第971章 鬼帅(9)
后院不大,四周都是围墙,只有一间杂物房,一个亭子。
亭子中央立着一面铜镜。
月光打在铜镜上,铜镜上照出她们两个的影子,看起来有些诡异。
小狐狸觉得这铜镜怪怪的,在哪里见过。
“你看这个铜镜,像不像是江小姐的?”
“江小水?”殷向暖诧异,在这个深山老林里,如此危险的情况下,再次听到这个名字,她恍惚了一瞬,随即道,“快跑吧,像谁都没用。”
她印象中,江小水是有一面铜镜,那面镜子还是江小水结婚时,从博物馆跑出来的。
那面镜子应该还在傅氏顶楼,在江小水的地盘上,怎么会出现在这里。
别说傅家人不会动江小水的东西,江小水更不会把这么邪门的铜镜送到傅家祠堂。
“快别看了,我们躲哪儿去啊!”
听脚步声,追兵已经到了,她都感受到了极速冲过来的魔气。
小狐狸指着那口井:“刚才那道金光是落进水井里了吧,你不是鱼吗,跳进去。”
井口很窄,像殷向暖人形这么瘦,估计跳下去都够呛。
小狐狸:“快啊,那金光可是傅家祖先的指引,肯定错不了。”
殷向暖一咬牙,跳了进去,在跳下去的瞬间,她的双腿化作长长的鱼尾。
鱼尾下探了十几米,都没有碰到井水,反而碰到一个湿湿软软的东西,殷向暖差点尖叫出声。
“是人!”
她刚想阻止小狐狸,一团毛茸茸的生物已经落到她的怀里。
小狐狸尾巴还勾着一块牌位。
“快,快下落,我在井口布下结界,我修为有限,就能撑一小会儿,咱们藏得越深越好。”
殷向暖忍着恐惧,落入干枯的水井底部。
这口井连着地下水,此时水位比较深,露出井下的溶洞。
黑暗中,赤鱬的视力和感知力尤其强。
只见一个衣衫褴褛的中年男人躺在溶洞里,四肢被绑起来,一身血污,只有出的气,少有进的气了。
殷向暖吓了一跳,定睛一看:“二叔!”
小狐狸:“不是说了不让你说话,怎么还跑到这井底下认亲来了?”
殷向暖:“他是傅二叔啊,二婶婶在外面和客人们交际,怎么二叔会在这里。”
她连忙解开绑在傅二身上的绳子。
小狐狸丢开手里的牌位,吐槽:“快没气了,幸好遇上我。”
她给傅二度了一口灵气,傅二叔深吸一口气,肺部像风箱一样,随着一口气呼出来,他的呼吸逐渐平稳。
小狐狸:“我还当这牌位的金光是来救咱俩的,原来是让咱俩来救他们家小辈的。把咱俩当枪使啊。
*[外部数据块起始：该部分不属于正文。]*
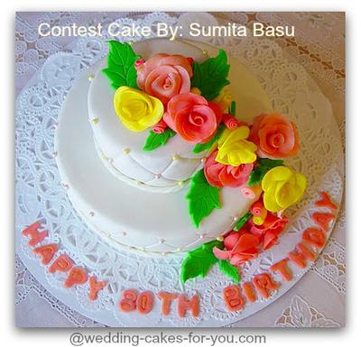 But despite the age and failing health, she has not lost the love in her voice or the concern for her grandkids.This cake was a first for me with fondant decorations and was handcrafted to honor her on her 80th birthday. The cake flavor was a mellow lemon with apricot-pineapple preserve as the filling.

”
地上的人缓缓睁开眼睛,眼前一片漆黑,黑暗中,两双冒着绿光的眼睛盯着他。
“啊!鬼啊,救命!”
小狐狸转了转眼珠:“别喊了,一会儿把坏人喊下来,咱们仨都要死。”
殷向暖:“二叔,是我,小暖。”
傅二叔神志不清,好一会儿才回神:“我这是上天了?死透了?小暖,你也死了吗?”
“呸,快闭嘴吧,说什么死不死的!”小狐狸,“真晦气。”
殷向暖:“二叔,您还没死,我们现在在老宅祠堂的枯井里,您怎么会在这里,谁把你扔下来的?”
傅二听到枯井,才缓缓回神。
他害怕的抖了抖肩膀,又怕又怒又恨:“焚天宗!那女人竟敢背着我勾结这些歪门邪道,我不同意,他把我灌罪,拿走我的印鉴和房产资料,还打着我的名义,帮着焚天宗办经营手续。”
小狐狸:“你的女人你管不住?”
傅二叔恨的牙痒痒:“我早点就应该堤防她,当初老太太就不同意我们的婚事,说此女心思不正,迟早会害我,我还不信。”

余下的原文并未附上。